3. Test test test ahead of time, at same time of day to make sure you’re seen and heard. The quality of my webinar was lousy and almost didn’t happen. As it turned out, there were 140 NGOs sharing the same internet pipe out of Haiti, the heaviest stress on the bandwidth being at noon, the time of my webinar. Silly me arranged to do my testing in the evenings after work, and of course then picture and audio were clear. Twenty minutes before the broadcast we asked colleagues to shut down iTunes and Skype etc. and that freed up enough bandwidth for our webinar to proceed. Live broadcasting is a white-knuckled good time.

4. Kept it shorter and tighter. Some commented in SurveyMonkey that the interviews meandered and were undisciplined. In my defense, I was trying to be true to the flow of questions as they came in, in real time.

5. It’s been suggested that I could have animated it a bit more with video footage and/or stills of the area we were.

6. Not have been so, so nonchalant about technical stuff. I was lucky that my 2005 entry-level Dell Inspiron, with its not-particularly-fast processor did such heavy lifting for 50 minutes before expiring in front of 200 live viewers.
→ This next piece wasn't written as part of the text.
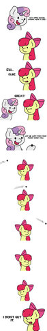 Well, not every pony is part food... Some seem to think Sweetie Belle is either a Dictionary or a robot. Heck, they think Scootaloo is a chicken and/or dodo.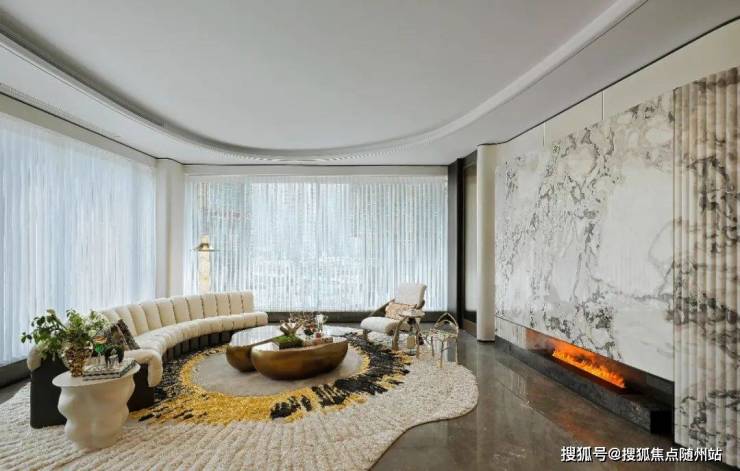 整体设计风格以浅白色为主,客厅背景墙贴着大面积「芬迪白大理石」,弧形的造型配合木饰面,以及酒店级的灯光设计,让整个空间看起来奢华又不失温馨。杭州奥体◆围合式大平层◆T-ONE潮博🔻售楼热线:☎ 400 832 8823「售楼处」☎〢网上售楼中心〢🔻

7. I said at the beginning that some parts of the webinar were not excellent. Here’s the main one: I do not believe I achieved the stated promise of the webinar: Do you want to know exactly how your gifts helped MSF respond to the earthquake in Haiti?I lost sight of this during the broadcast, luxuriated too much in the process of answer questions as they came in, without forcing the objective of giving tangible examples of what impact donor dollars had had. Heck, I’m a donor, too, and will ask my own hard-hitting accountability questions next time.

And so, my first-ever webinar. Looking back, I’m both proud and appalled at myself for my blunt naivety. There were so many unknowns: would donors participate? Would I find willing and engaging speakers? Could I be trusted to make all the technology bits work? And, most importantly, would we achieve our objective: would we all be convincing that MSF is a great organization to support for donors who wanted to make a gift for medical relief after the earthquake of January 12, 2010? And, of course, the great unanswered question: who was I to host? I am rather ordinary after all.

But once I was in the field, I knew that none of these mattered.

All these unknowns and risks were irrelevant. To host a webinar from the frontlines of our work, the epicentre where the earthquake happened and people had died and still suffered, a webinar from where I was and at that time, was immutable. What I also knew – and had complete confidence in – was the quality of our operations, and that my colleagues and guests would have compelling stories to tell. I figured that in this context, donors would also be forgiving if the end production wasn’t slick. And so I put full faith that the content would unfold in the way it was meant to, not unlike our donors who give and trust that all will be well with their investment.

Now I want you to think now about what your own webinar could look like. And maybe your webinar isn’t even a webinar: challenge yourself to think creatively and imagine the most guileless and authentic way you can connect your donors to your organization’s frontlines.